§ **Problem statement**
The expected output is every line of the data exactly as shown, minus the images.
++++ Data extract
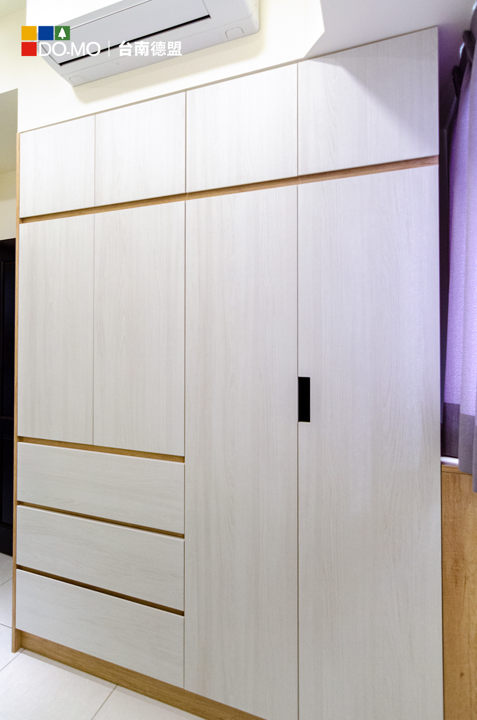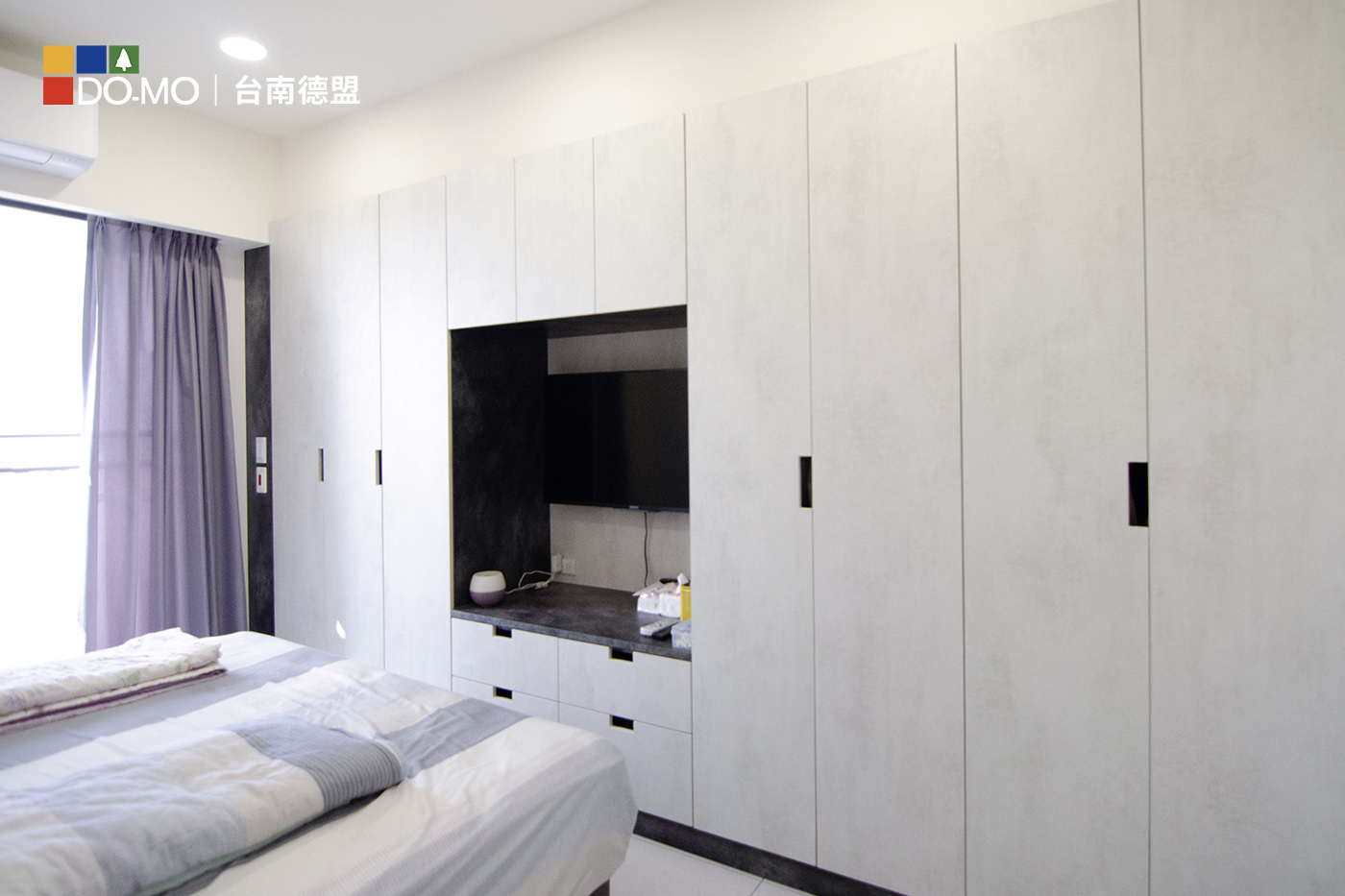 臥室延續簡約主調,規劃了整面的收納牆並兼具電視櫃功能
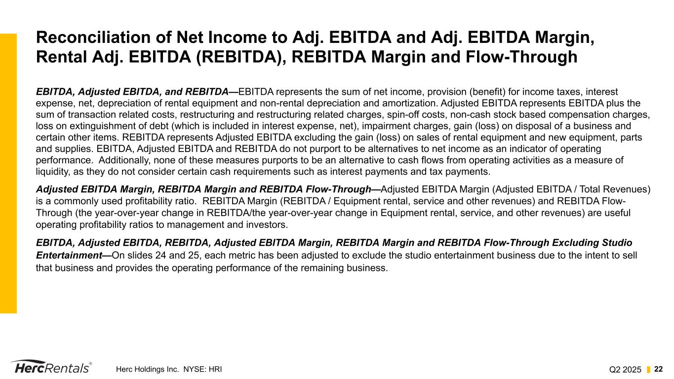 Q2 2025Herc Holdings Inc. NYSE: HRI 22 Reconciliation of Net Income to Adj. EBITDA and Adj. EBITDA Margin, Rental Adj. EBITDA (REBITDA), REBITDA Margin and Flow-Through EBITDA, Adjusted EBITDA, and REBITDA—EBITDA represents the sum of net income, provision (benefit) for income taxes, interest expense, net, depreciation of rental equipment and non-rental depreciation and amortization. Adjusted EBITDA represents EBITDA plus the sum of transaction related costs, restructuring and restructuring related charges, spin-off costs, non-cash stock based compensation charges, loss on extinguishment of debt (which is included in interest expense, net), impairment charges, gain (loss) on disposal of a business and certain other items. REBITDA represents Adjusted EBITDA excluding the gain (loss) on sales of rental equipment and new equipment, parts and supplies. EBITDA, Adjusted EBITDA and REBITDA do not purport to be alternatives to net income as an indicator of operating performance. Additionally, none of these measures purports to be an alternative to cash flows from operating activities as a measure of liquidity, as they do not consider certain cash requirements such as interest payments and tax payments. Adjusted EBITDA Margin, REBITDA Margin and REBITDA Flow-Through—Adjusted EBITDA Margin (Adjusted EBITDA / Total Revenues) is a commonly used profitability ratio. REBITDA Margin (REBITDA / Equipment rental, service and other revenues) and REBITDA Flow- Through (the year-over-year change in REBITDA/the year-over-year change in Equipment rental, service, and other revenues) are useful operating profitability ratios to management and investors. EBITDA, Adjusted EBITDA, REBITDA, Adjusted EBITDA Margin, REBITDA Margin and REBITDA Flow-Through Excluding Studio Entertainment—On slides 24 and 25, each metric has been adjusted to exclude the studio entertainment business due to the intent to sell that business and provides the operating performance of the remaining business.
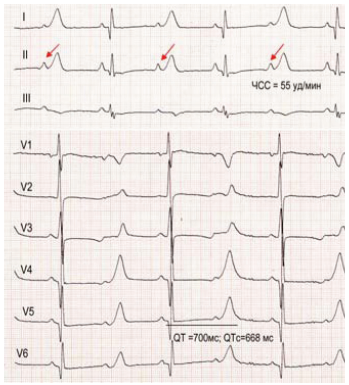 - выраженное удлинение QT-интервала до 480-700 м/с;
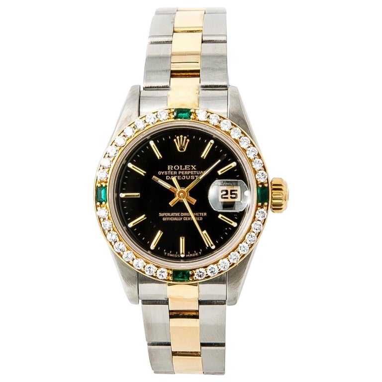 Ladies Rolex Datejust Steel 18k Gold Diamond Emerald Bezel
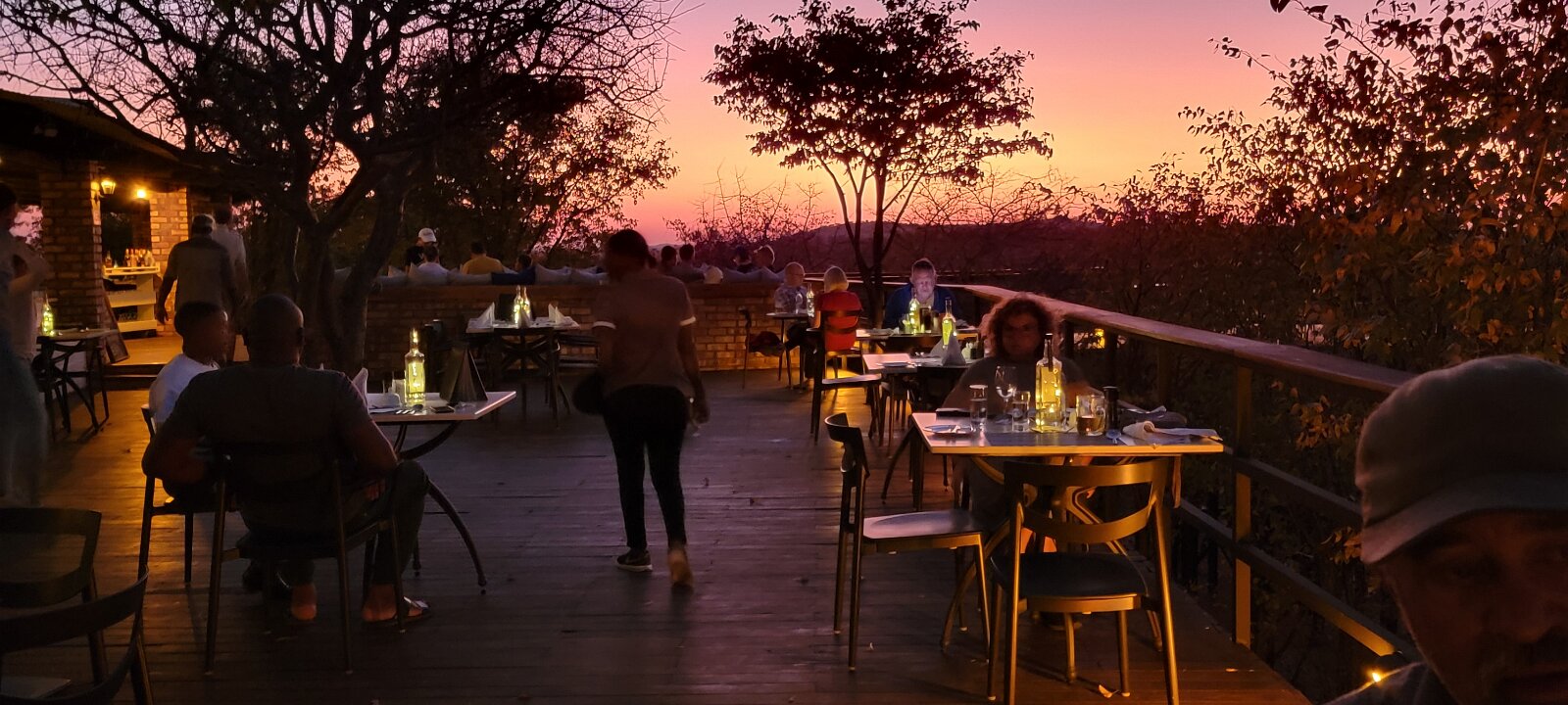 Sort by Finally have rental car and ready to go Power lines along the highway with odd blocks A warm greeting at each lodge The deck for sunset viewing Pano from our cabin View out from cabin Desert scenery Other cabins from this resort along the hillside Feet up time to relax Dinner out on the deck as the sun sets African desert sunsets never fail to amaze It just goes on And on Dinner with my love The path back to our cabin My buddy Seymour Enjoying some cool water Taking a stretch on our balcony where he slept Robs pic of the sunset reflection in my wine Another sunset WindhoekEtosha Game Drive
++++++++
§ **Answer to the exercise**
 臥室延續簡約主調,規劃了整面的收納牆並兼具電視櫃功能
 Q2 2025Herc Holdings Inc. NYSE: HRI 22 Reconciliation of Net Income to Adj. EBITDA and Adj. EBITDA Margin, Rental Adj. EBITDA (REBITDA), REBITDA Margin and Flow-Through EBITDA, Adjusted EBITDA, and REBITDA—EBITDA represents the sum of net income, provision (benefit) for income taxes, interest expense, net, depreciation of rental equipment and non-rental depreciation and amortization. Adjusted EBITDA represents EBITDA plus the sum of transaction related costs, restructuring and restructuring related charges, spin-off costs, non-cash stock based compensation charges, loss on extinguishment of debt (which is included in interest expense, net), impairment charges, gain (loss) on disposal of a business and certain other items. REBITDA represents Adjusted EBITDA excluding the gain (loss) on sales of rental equipment and new equipment, parts and supplies. EBITDA, Adjusted EBITDA and REBITDA do not purport to be alternatives to net income as an indicator of operating performance. Additionally, none of these measures purports to be an alternative to cash flows from operating activities as a measure of liquidity, as they do not consider certain cash requirements such as interest payments and tax payments. Adjusted EBITDA Margin, REBITDA Margin and REBITDA Flow-Through—Adjusted EBITDA Margin (Adjusted EBITDA / Total Revenues) is a commonly used profitability ratio. REBITDA Margin (REBITDA / Equipment rental, service and other revenues) and REBITDA Flow- Through (the year-over-year change in REBITDA/the year-over-year change in Equipment rental, service, and other revenues) are useful operating profitability ratios to management and investors. EBITDA, Adjusted EBITDA, REBITDA, Adjusted EBITDA Margin, REBITDA Margin and REBITDA Flow-Through Excluding Studio Entertainment—On slides 24 and 25, each metric has been adjusted to exclude the studio entertainment business due to the intent to sell that business and provides the operating performance of the remaining business.
 - выраженное удлинение QT-интервала до 480-700 м/с;
 Ladies Rolex Datejust Steel 18k Gold Diamond Emerald Bezel
 Sort by Finally have rental car and ready to go Power lines along the highway with odd blocks A warm greeting at each lodge The deck for sunset viewing Pano from our cabin View out from cabin Desert scenery Other cabins from this resort along the hillside Feet up time to relax Dinner out on the deck as the sun sets African desert sunsets never fail to amaze It just goes on And on Dinner with my love The path back to our cabin My buddy Seymour Enjoying some cool water Taking a stretch on our balcony where he slept Robs pic of the sunset reflection in my wine Another sunset WindhoekEtosha Game Drive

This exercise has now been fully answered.